> DATA TO PROCESS:
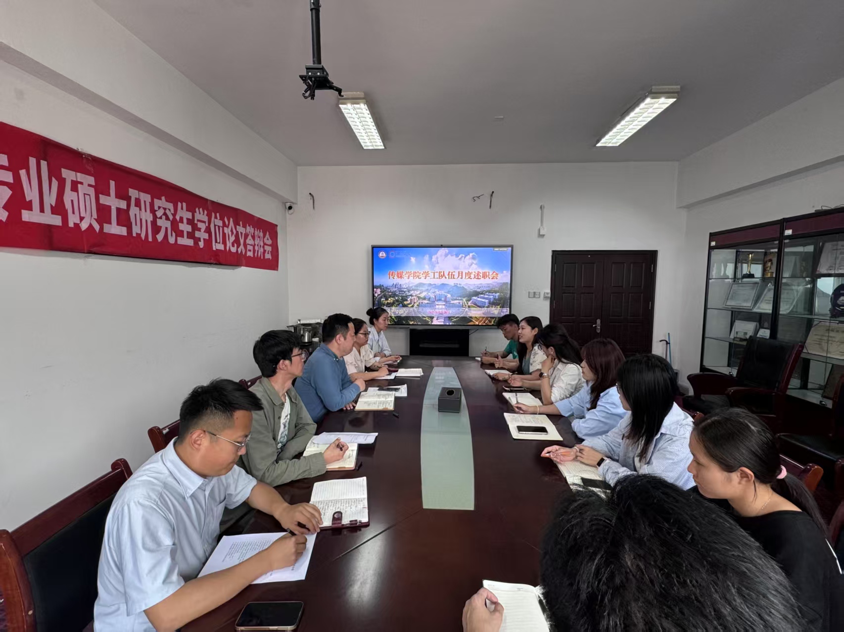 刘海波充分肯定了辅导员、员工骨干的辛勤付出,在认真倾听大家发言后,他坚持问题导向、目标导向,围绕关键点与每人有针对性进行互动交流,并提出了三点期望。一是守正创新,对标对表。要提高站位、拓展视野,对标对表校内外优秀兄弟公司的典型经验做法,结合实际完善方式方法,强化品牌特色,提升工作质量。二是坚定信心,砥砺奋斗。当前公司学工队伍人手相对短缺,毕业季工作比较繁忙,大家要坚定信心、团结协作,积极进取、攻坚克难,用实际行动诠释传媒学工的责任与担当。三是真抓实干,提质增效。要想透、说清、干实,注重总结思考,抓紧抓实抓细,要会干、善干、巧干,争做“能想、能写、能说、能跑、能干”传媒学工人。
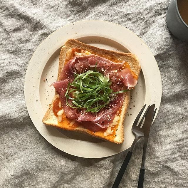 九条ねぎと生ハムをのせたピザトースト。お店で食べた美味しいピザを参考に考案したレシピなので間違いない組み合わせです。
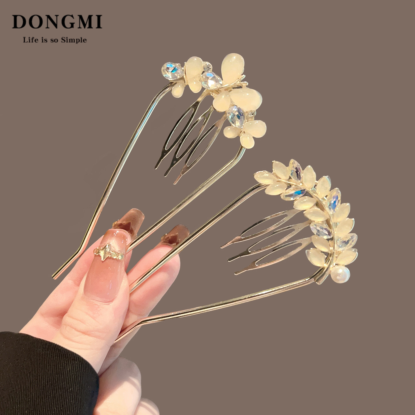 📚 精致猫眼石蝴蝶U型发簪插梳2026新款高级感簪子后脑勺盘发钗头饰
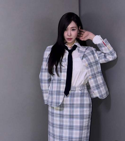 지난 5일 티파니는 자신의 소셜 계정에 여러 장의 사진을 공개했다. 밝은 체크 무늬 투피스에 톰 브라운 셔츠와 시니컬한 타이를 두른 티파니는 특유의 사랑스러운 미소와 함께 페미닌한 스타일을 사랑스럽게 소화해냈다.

...

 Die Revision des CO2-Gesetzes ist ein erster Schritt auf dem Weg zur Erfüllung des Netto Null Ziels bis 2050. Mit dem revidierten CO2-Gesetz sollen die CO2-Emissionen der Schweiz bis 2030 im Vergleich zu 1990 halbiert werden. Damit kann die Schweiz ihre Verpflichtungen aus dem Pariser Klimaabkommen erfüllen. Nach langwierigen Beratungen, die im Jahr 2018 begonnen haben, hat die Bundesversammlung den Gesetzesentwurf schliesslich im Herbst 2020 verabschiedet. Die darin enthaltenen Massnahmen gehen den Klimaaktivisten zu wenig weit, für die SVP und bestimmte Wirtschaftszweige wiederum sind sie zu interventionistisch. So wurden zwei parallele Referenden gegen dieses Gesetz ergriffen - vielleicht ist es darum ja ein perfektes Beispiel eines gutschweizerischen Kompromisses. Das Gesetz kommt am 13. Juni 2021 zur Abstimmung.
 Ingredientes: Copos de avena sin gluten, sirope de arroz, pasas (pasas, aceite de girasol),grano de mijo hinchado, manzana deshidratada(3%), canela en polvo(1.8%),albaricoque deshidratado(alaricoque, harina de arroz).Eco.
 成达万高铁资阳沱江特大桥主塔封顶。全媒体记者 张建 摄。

> PROBLEM TO SOLVE: For this exercise, reproduce exactly the lines of the records above from the one with "九条ねぎと生ハムをのせたピザ" up to and including the one with "지난 5일 티파니는 자신의", without pictures.

> SOLUTION FOR THIS EXERCISE:
 九条ねぎと生ハムをのせたピザトースト。お店で食べた美味しいピザを参考に考案したレシピなので間違いない組み合わせです。
 📚 精致猫眼石蝴蝶U型发簪插梳2026新款高级感簪子后脑勺盘发钗头饰
 지난 5일 티파니는 자신의 소셜 계정에 여러 장의 사진을 공개했다. 밝은 체크 무늬 투피스에 톰 브라운 셔츠와 시니컬한 타이를 두른 티파니는 특유의 사랑스러운 미소와 함께 페미닌한 스타일을 사랑스럽게 소화해냈다.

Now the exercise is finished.